# Female Friends



## brokenbythis (Aug 21, 2011)

Yep.. the old opposite sex friends debate. My STBXH has had inappropriate "friendships" with females, usually ones from his past, for the entire 13 yrs we were married. A few he got way to close to, one her definitely had an EA with. 

The usual EA stuff: my wife is mean to me, she doesn't give me sex, she is a horrible person. The typical speel of cheaters.

I set boundaries with him after I found out he had been seeing these women all along, even though he says "we're just friends". After he crossed that hard line last summer, after he lied and said he wouldn't see them anymore, I asked him to move out.

Fast forward, he confesses to me in Spring this year one of his "friends" is pregnant. To him. I file divorce papers. 

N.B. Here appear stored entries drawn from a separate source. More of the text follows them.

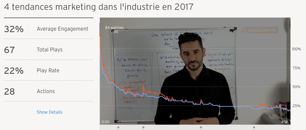 Depuis que LinkedIn a rajouté la fonction vidéo à sa plateforme, nous mesurons d’excellents résultats. Sur ces 4 dernières semaines, les vidéos publiées par Karim sur son profil LinkedIn ont comptabilisé 11 022 vues. Ceci est la force des réseaux sociaux et notamment de LinkedIn, c’est de pouvoir travailler l'employee advocacy et son personal branding et pour cela, la vidéo est un outil performant. Se filmer pour raconter son expérience, son expertise sur un domaine en particulier est devenu aujourd’hui la clef de votre succès sur LinkedIn en tant que chef d’entreprise.
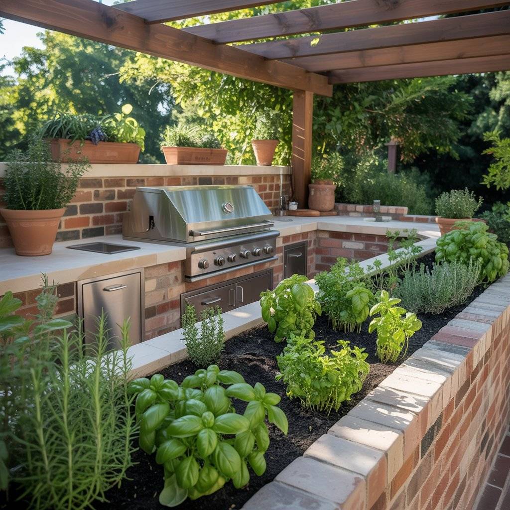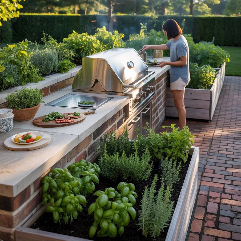 In one backyard I visited, the grill station sat next to raised garden beds filled with herbs and vegetables. The cook could step over and cut fresh rosemary or basil while preparing food. It made the whole cooking experience feel more connected to the garden.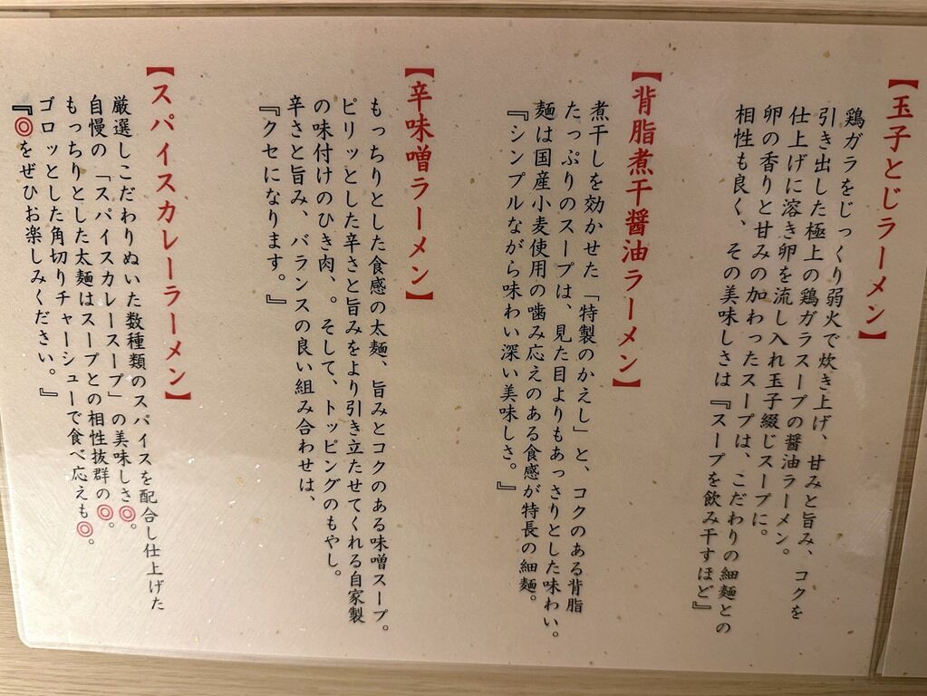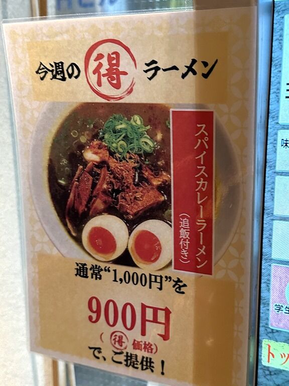 主なメニューは玉子とじラーメン900円、背脂煮干醤油ラーメン900円、辛味噌ラーメン1000円、スパイスカレーラーメン(追い飯付き)900円、他。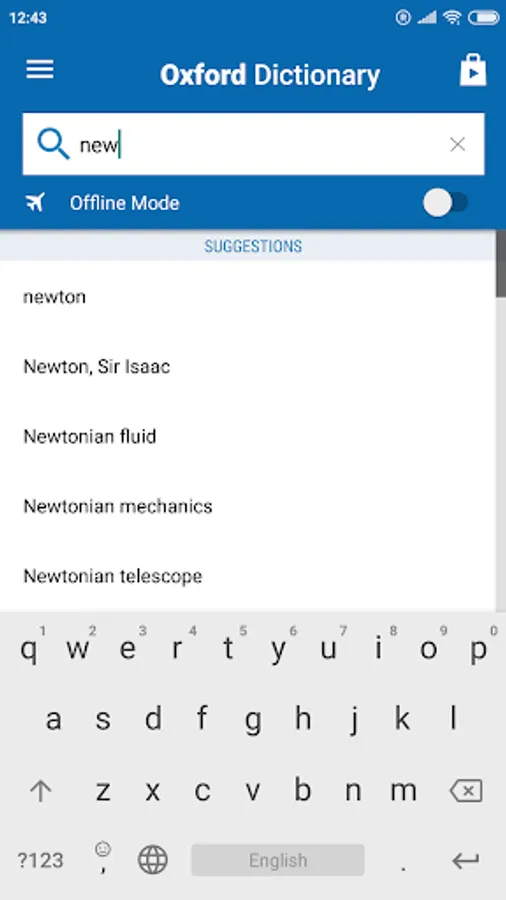 • Search autocomplete helps find words quickly by displaying predictions as you type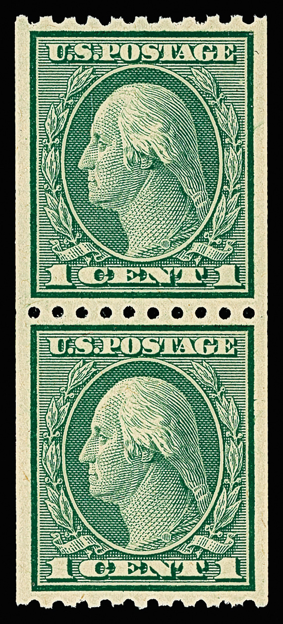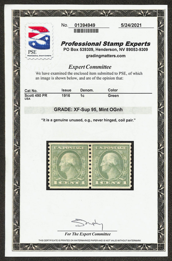 7077 nh 490 image1916, 1¢ green, unwatermarked, rotary press coil, perf. 10 vertically (Scott 490), pair, mathematically precise design, o.g., never hinged, Extremely Fine to Superb, with 2021 P.S.E. certificate graded XF-SUP 95.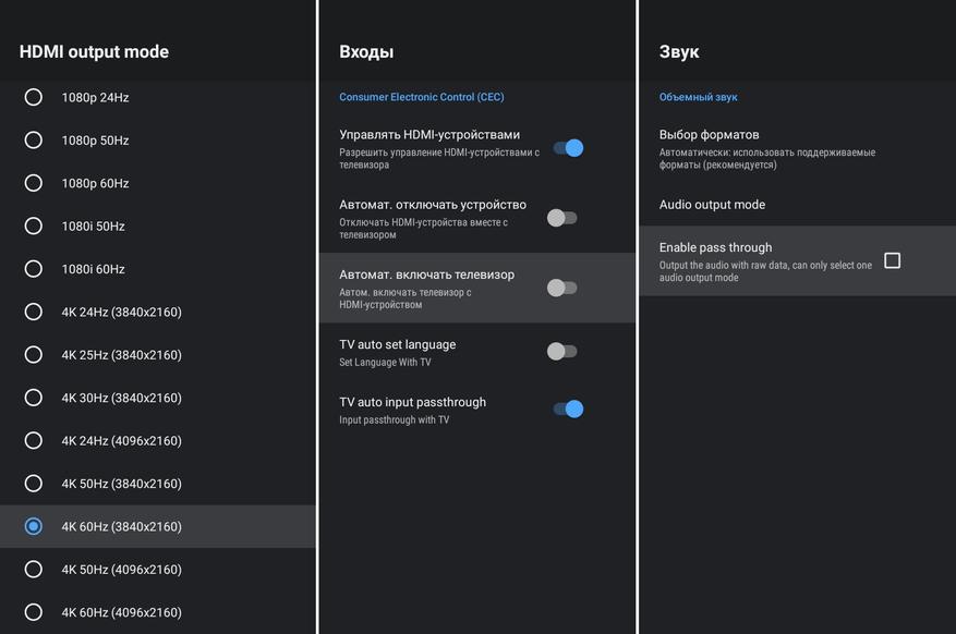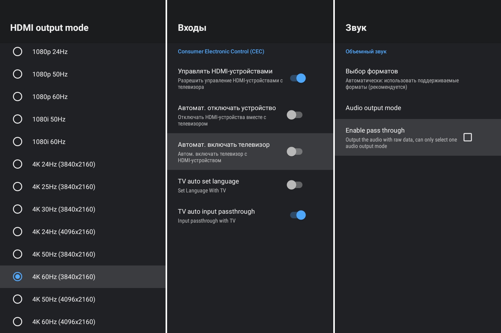 Поддерживается вывод изображения в 4К с частотами 60\50\30\25\24 Hz. Автофреймрейта конечно нет. Заявленные «бриллиантовые 8К» это маркетинговый булщит. На самом деле 8К приставка может открыть только в виде изображения. Не говоря уже о том, что даже вывести это 8К изображение на телевизор она не сможет, т. к ограничена 4К по HDMI. Есть ли хорошие новости? Совсем чуть-чуть. Например, работает HDMI-CEC для управления приставкой и TV одним пультом. По звуку имеем только базу, никакого многоканального звука нет. По крайней мере Dolby на моем телевизоре не завелся.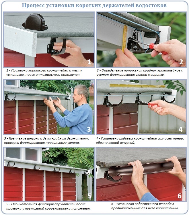 Après l'achat, vous pouvez procéder directement aux travaux d'installation. Tout d'abord, les supports sont fixés à une distance d'un demi-mètre les uns des autres (pour une gouttière en plastique), pour les produits métalliques, ce paramètre peut atteindre un mètre et demi. Ils sont fixés dans la partie frontale du toit, et s'il n'y en a pas, les pieds du chevron s'adapteront. Tout d'abord, les éléments extrêmes sont installés, après quoi la ficelle est tirée entre eux et, en se concentrant dessus, intermédiaire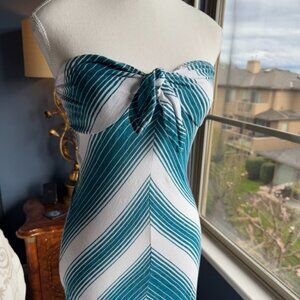 Roxy turquoise and white striped tube dress, size S. Sweetheart neckline with tie up and center of bust, elastic ruching at back. Great used condition. Bust measures 14.15 laying flat, waist 13 inches flat, hips 17 inches, length 53.25. All measure ments except length have some stretch. Cat friendly, non smoking home.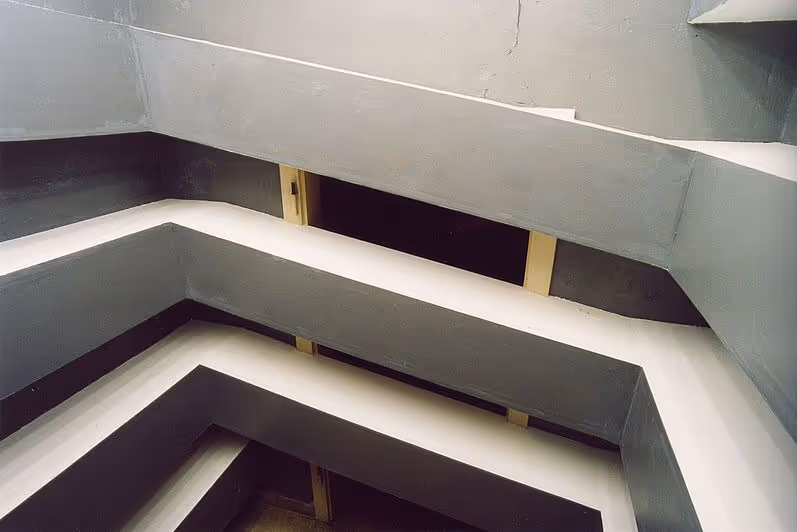 Vertikale Flächen (Front des Volumens und Wandflächen): grauer Betonlack Horizontale Flächen: weiße Wandfarbe Beleuchtung: fünf parallele Leuchtstoffröhren an der Decke Bittweg Düsseldorf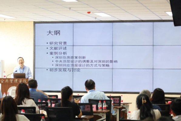 中山大学政治与公共事务管理学院朱亚鹏教授做了题为《顶层设计如何影响地方政策创新》的主题报告。他介绍了关于中国政策制定过程及其对地方创新影响的研究成果。他指出,中国的政策制定经历了从改革开放前的地方自发创新尝试到十八大后凸显顶层设计与地方创新互动的转变,在政策制定与执行中会存在灵活性与地域创新之间的矛盾。他以国家房改政策的变化和深圳房改政策的调整,论述政策制定与执行中的央地关系变化。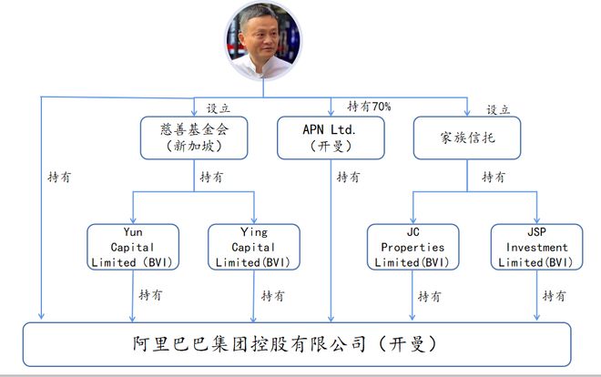 马云的家族信托以马云作为委托人,马云和他的家人作为受益人,通过家族信托控制JC Properties Limited(BVI)和JSP Investment Limited(BVI),再由这两个BVI公司最终持有阿里巴巴集团(开曼)的股份。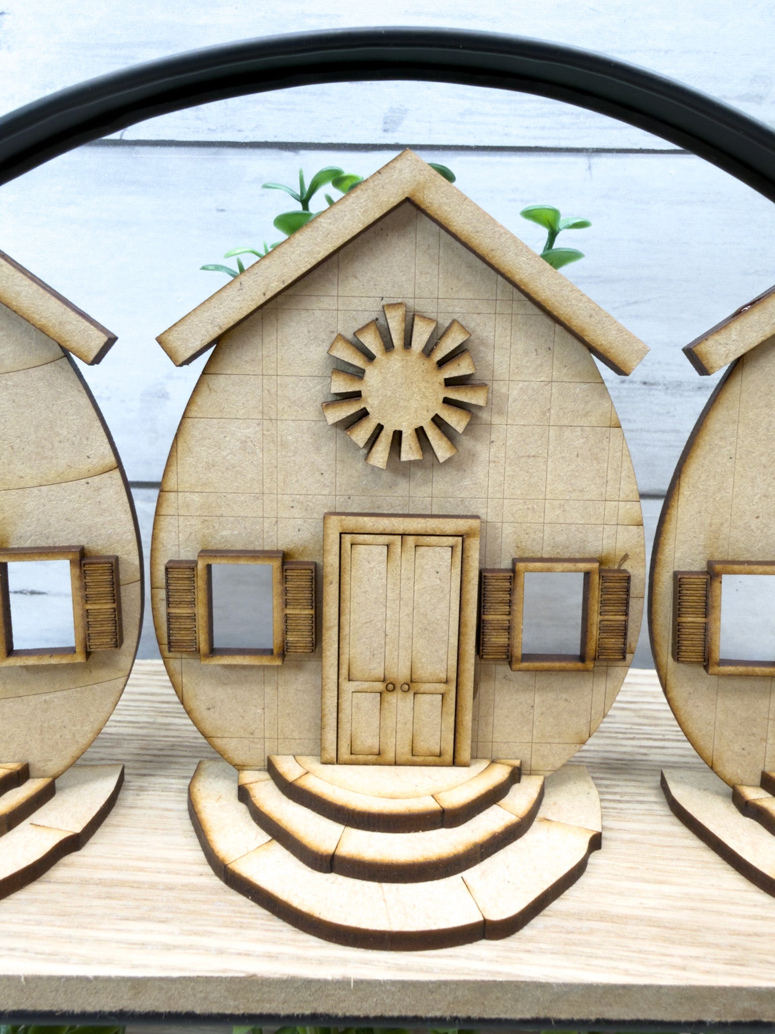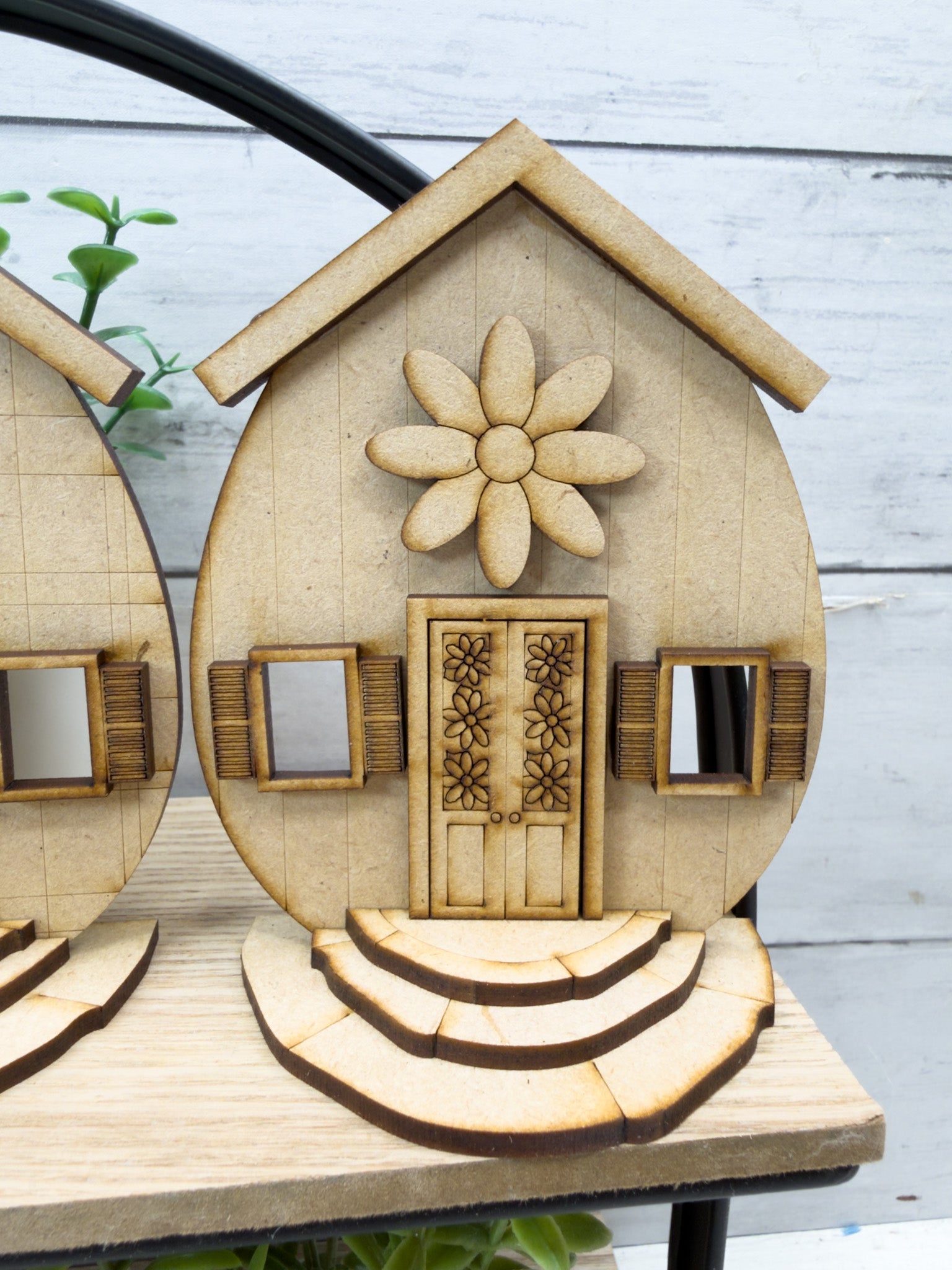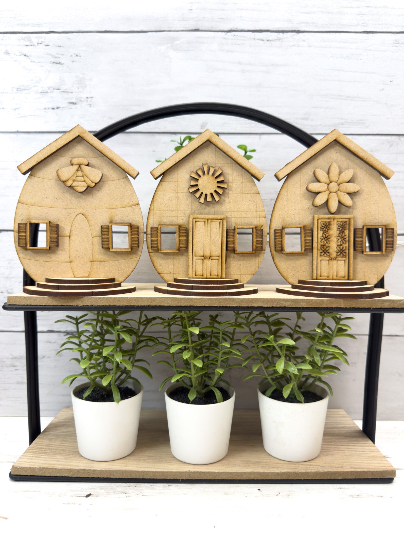 This coordinated set features three sweet house designs with layered details, shutters, doors, and decorative accents—perfect for painting and displaying together or styling individually.

Lately he has been showing true remorse and confessing having these female relationships was indeed harmful to our relationship.

So just when I think he's actually owning it and maybe he will change....

I find out today he's taking our son along on outings with yet another old female "friend". 

He just doesn't get it, he never will. He never cared enough to realize what damage these "relationships" had on our marriage.

They never change, its in the genes.


----------



## The Middleman (Apr 30, 2012)

Continue with the divorce. Get an injunction baring him from taking your son near any of his "friends".


----------



## OlderAndWiser (Apr 17, 2013)

I agree with Middleman......just divorce him. He's not worth anymore time or thought or consideration. Move on.


----------



## MovingAhead (Dec 27, 2012)

The Middleman said:


> Continue with the divorce. Get an injunction baring him from taking your son near any of his "friends".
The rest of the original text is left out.